World Bank to approve second USD 800M loan for PH
The Philippine government is preparing to secure USD 800 million (PHP 45.0 billion) from the World Bank in early 2026 to accelerate renewable energy adoption, strengthen electricity markets, and improve water management nationwide. The financing, known as the Philippines Second Energy Transition and Climate Resilience Development Policy Loan (DPL), is scheduled for board approval on

By Staff Writer
The Philippine government is preparing to secure USD 800 million (PHP 45.0 billion) from the World Bank in early 2026 to accelerate renewable energy adoption, strengthen electricity markets, and improve water management nationwide.
The financing, known as the Philippines Second Energy Transition and Climate Resilience Development Policy Loan (DPL), is scheduled for board approval on January 26, 2026, according to a Sept. 23 project information document.
The World Bank said the program “will support [Philippine government] reforms to scale up adoption of clean energy technologies; increase the security, flexibility, and competition of electricity markets; and improve water management across water uses.”
The initiative will be carried out by several agencies, including the Department of Energy (DOE), Department of Environment and Natural Resources (DENR), Department of the Interior and Local Government (DILG), Department of Trade and Industry (DTI), and the Energy Regulatory Commission (ERC).
Other departments such as Finance (DOF), Budget and Management (DBM), Public Works and Highways (DPWH), and Economy, Planning, and Development (DEPDev) will also play key roles, with the DOF responsible for coordination and monitoring.

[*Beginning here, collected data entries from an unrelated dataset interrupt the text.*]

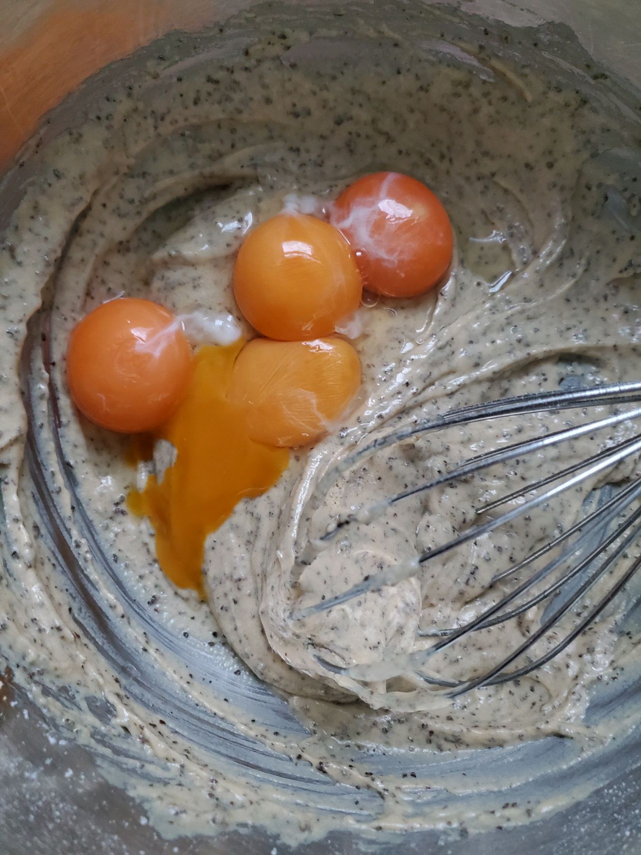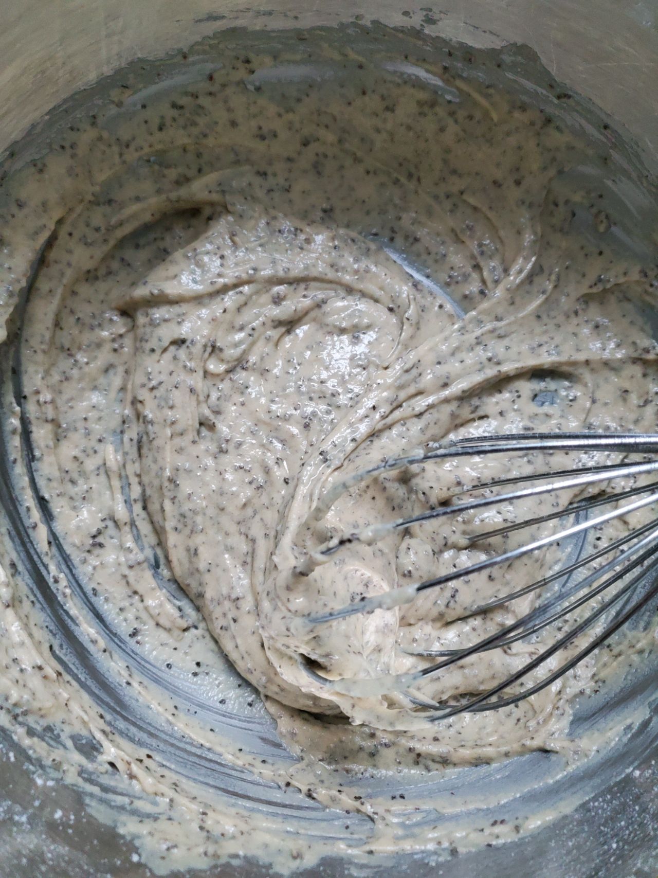 步骤7、再将全部蛋黄糊倒入蛋白中翻拌均匀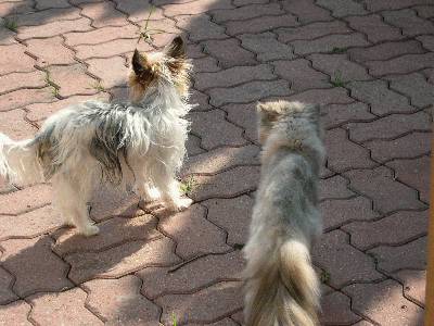 Eine verknotete, unglückliche Perserkatze, eine erst seit 4 Wochen bei uns lebende Yorkshire-Hündin und eine verschämte Mama.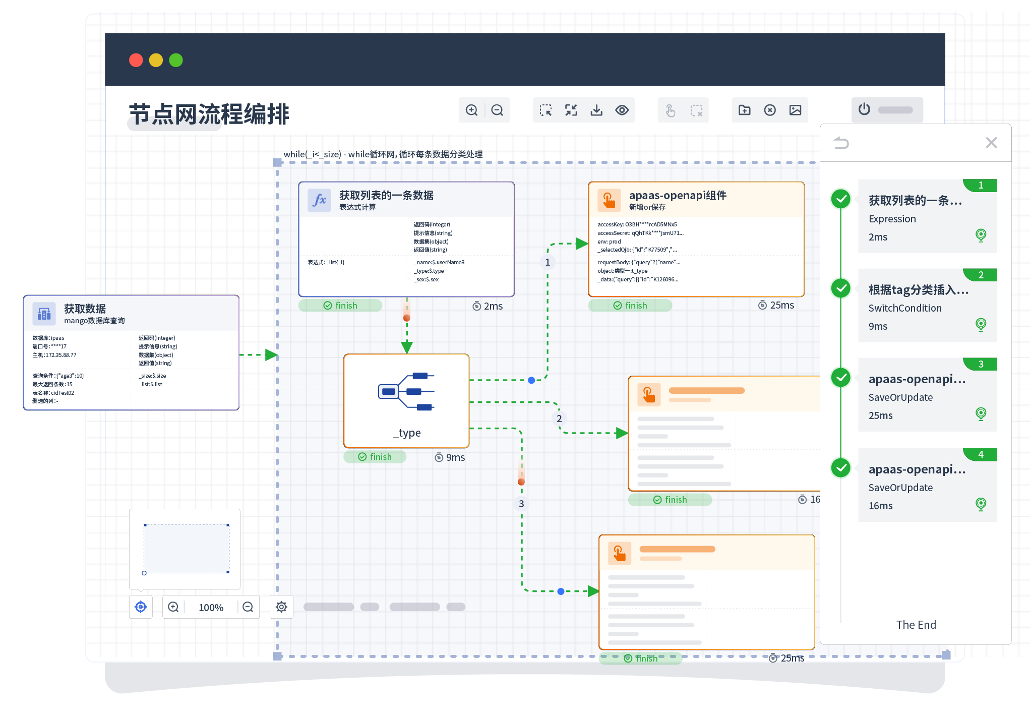 针对集成场景,,,,组件定义后支持进行流程编制,,,不同于传统代码方式,,,通过图形化展示,,支持在线调试、、、日志查看和运行回放。。。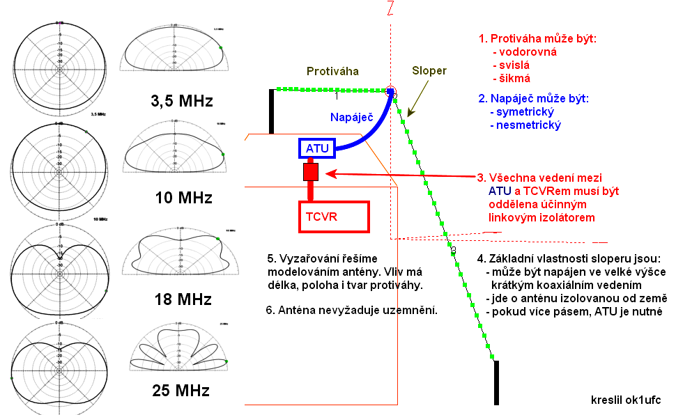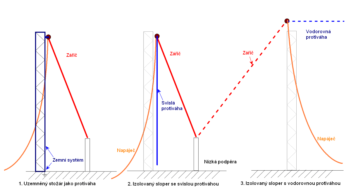 - sloper lze zkonstruovat jako anténu s jednou vysokou podpěrou,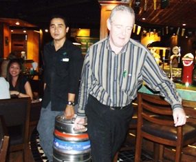 General Manager Cathel Brett and staff carry in a beer keg for the Oktoberfest party. Beautiful fraulines prepare to quench their thirst...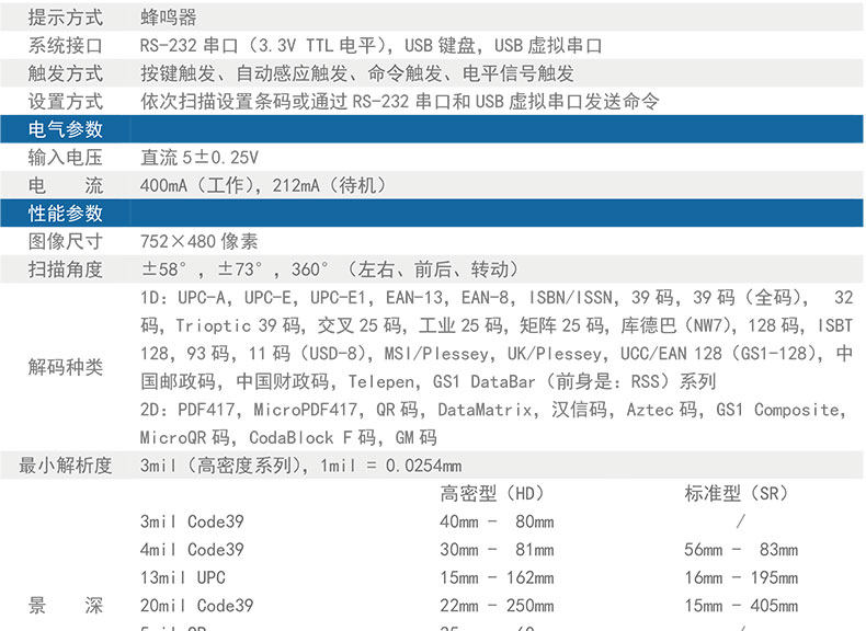 | 支持条码类型 |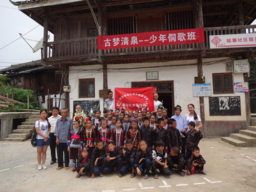 “古梦清泉——少年侗歌班”依托西山镇陡寨村歌师和学员资源,由南京财经大学体育直播平台 学生自行发动,得到学校、体育直播平台 、当地文化部门及基层干群的大力支持,目的在于使濒危的侗族大歌得到“隔代传承”,培养青少年的民族文化意识。歌班日常教学于每日下午四点半至六点半在西山镇小学进行,这里也是今年建立的南京财经大学体育直播平台 大学生志愿实践基地的挂靠点。同时延请当地老歌师授歌,暑期实践团的队员们则对小学生们进行科学文化知识辅导。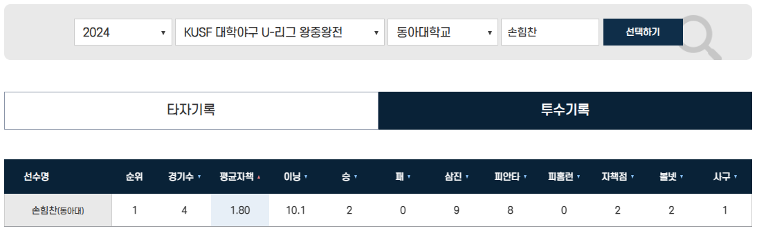 2024 대학야구 왕중왕전 총 4게임, 10.1이닝 평균자책점 1.80으로 굉장한 성적을 기록하며 팀을 우승으로 이끄는 기여를 하기도 했죠. 리그 결승전이 9월 말이었으니, 10월 28일에 열린 최강야구와의 경기에도 마운드에 등장할 것으로 예상됩니다.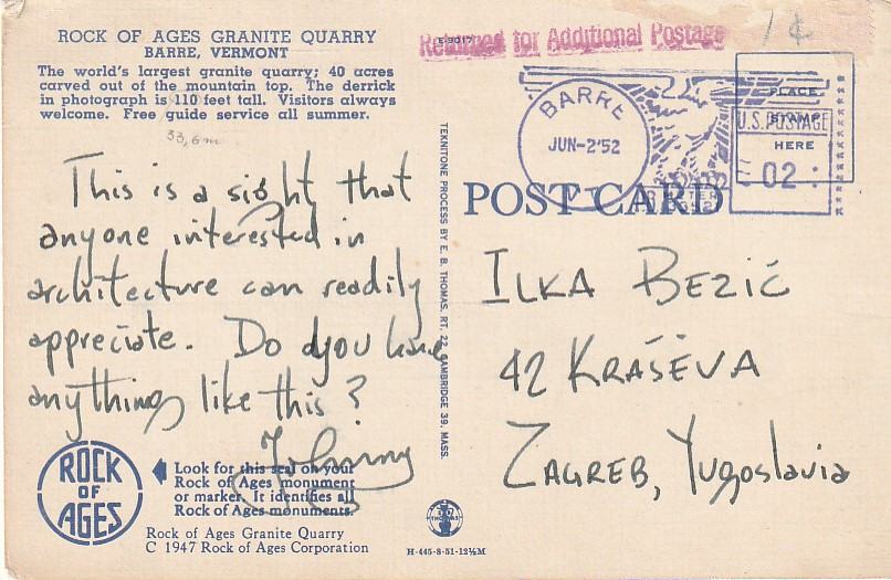 RAZGLEDNICA USA , BARRE-VERMONT 1952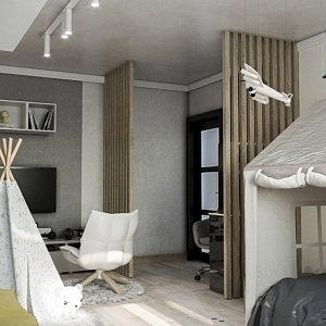 Интерьер детской c детской в стиле лофт, проект «Маршмэллоу» №2
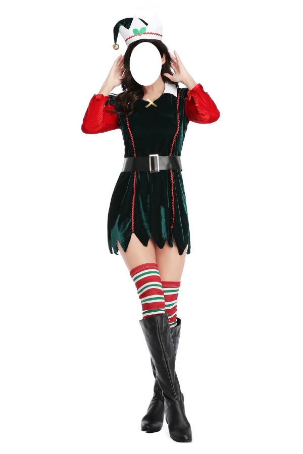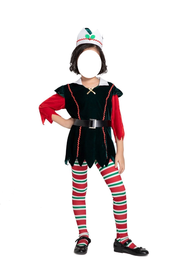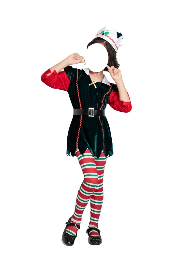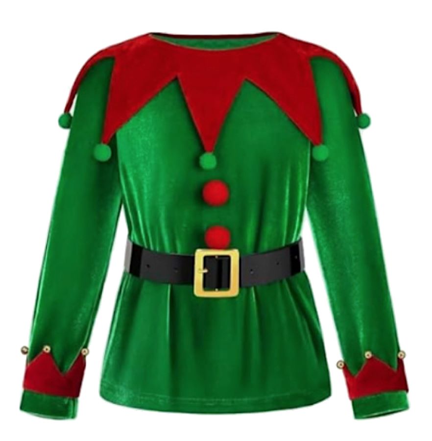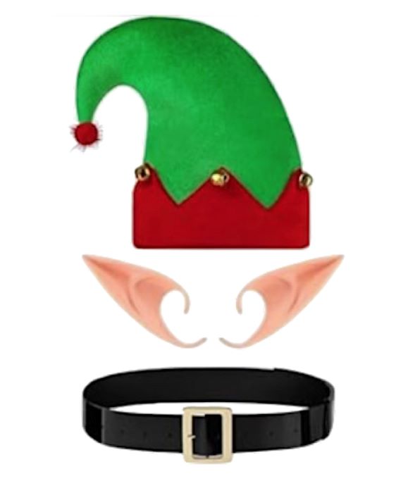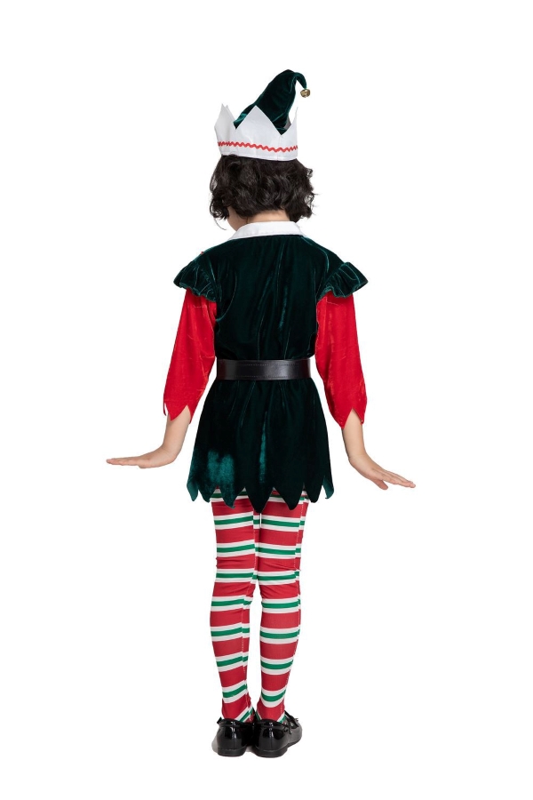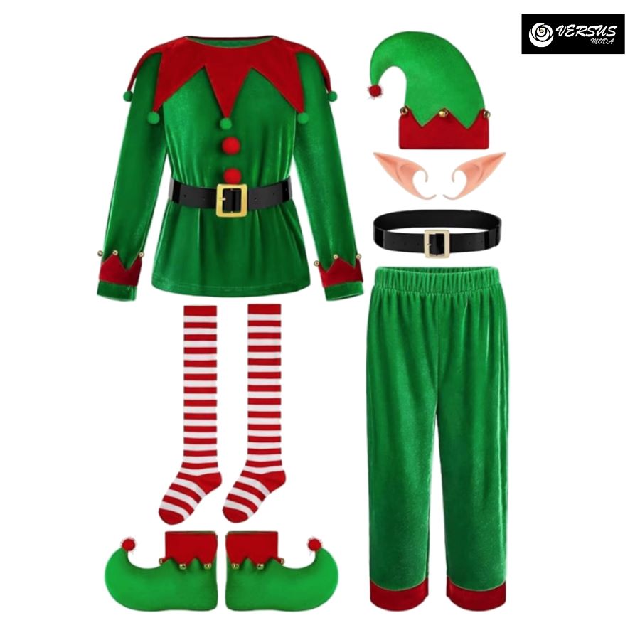 ELF015 - ( Set 7 pezzi - 7 piece set ): Cappello / Hat + Maglia / Top + Cinta / Belt + Pantaloni / Pants / + Calzini / Socks + Copri Scarpe / Shoes Cover + Orecchie da Elfo / Elf Ears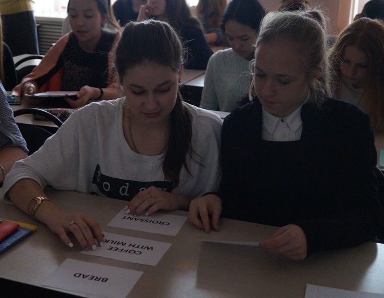 Открытое занятие по дисциплине «Иностранный язык» по теме «Food» прошло в группе БД 124. Игровая форма выбрана преподавателем Л. В. Яицковой неслучайно, так как именно игру можно расценивать как самую точную модель общения, она подражает действительности, в ней, как и в жизни переплетается речевое и неречевое поведение партнеров.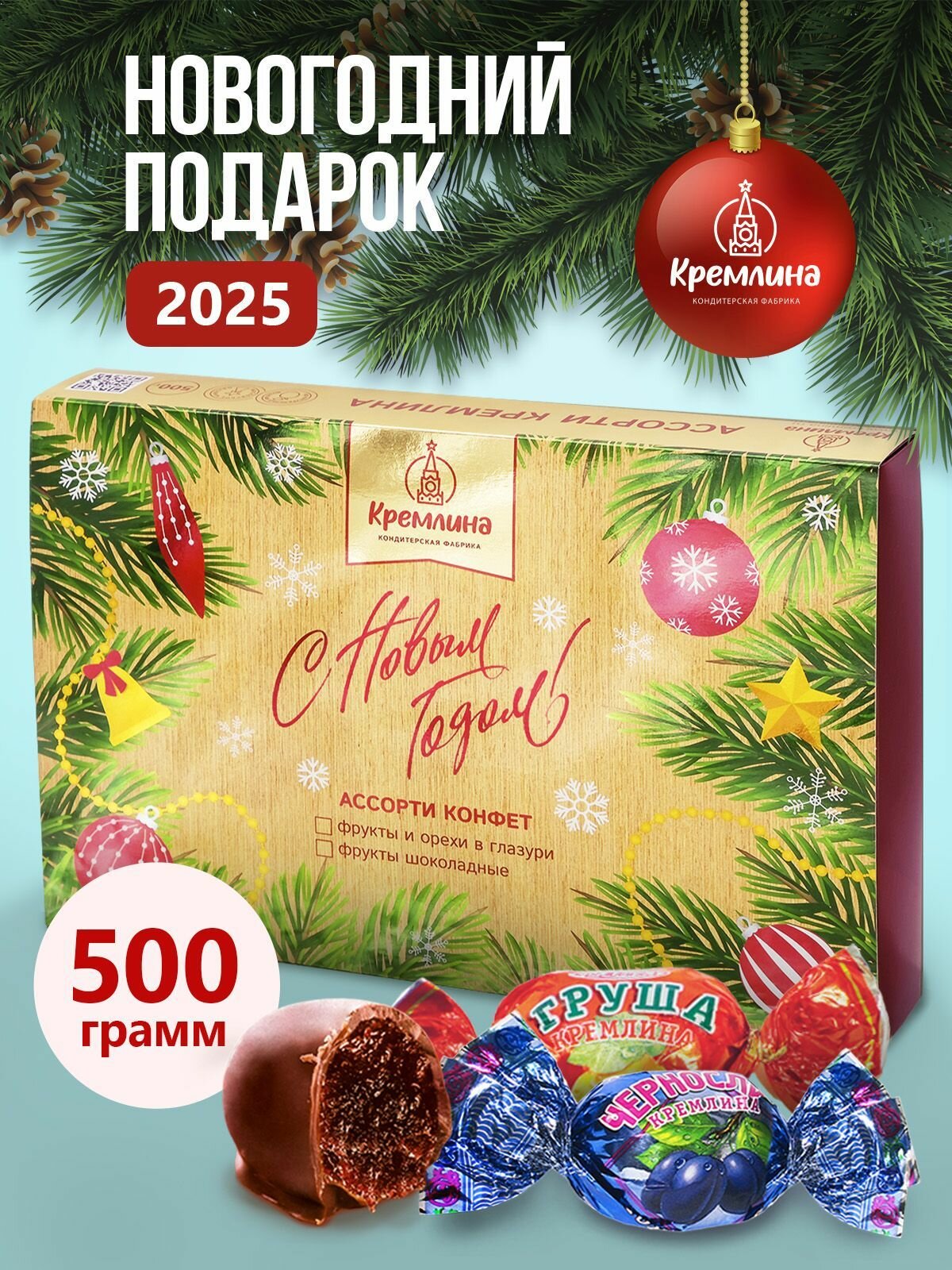 Конфеты подарочные на новый год 2025 Ассорти Кремлина фрукты шоколадные: Манго, Груша, Апельсин, Финик и Инжир в коробке подарочной "С новым годом!" 500 г информация:

This second-phase loan follows the Philippines First Energy Transition and Climate Resilience DPL, another USD 800 million program approved by the World Bank in March 2025.
The World Bank described the new DPL as deepening “the policy and institutional framework needed to scale up renewable energy (RE), improve electricity market efficiency, and strengthen water governance and service delivery.”
The loan program will support offshore wind auctions, expand electric vehicle use, strengthen efficiency measures, attract private clean tech investments, improve reserve and ancillary markets, and resolve stranded costs.
It will also advance competitive procurement, professionalize local utilities, enforce cost-recovery tariffs, and expand financial support for underperforming local government units.
The Second Energy Transition and Climate Resilience DPL forms part of the World Bank Group’s broader commitment of up to USD 23 billion in financing for the Philippines from mid-2025 to mid-2031.
This commitment includes USD 18 billion through the International Bank for Reconstruction and Development (IBRD), the World Bank’s lending arm for developing nations, under a six-year country partnership framework.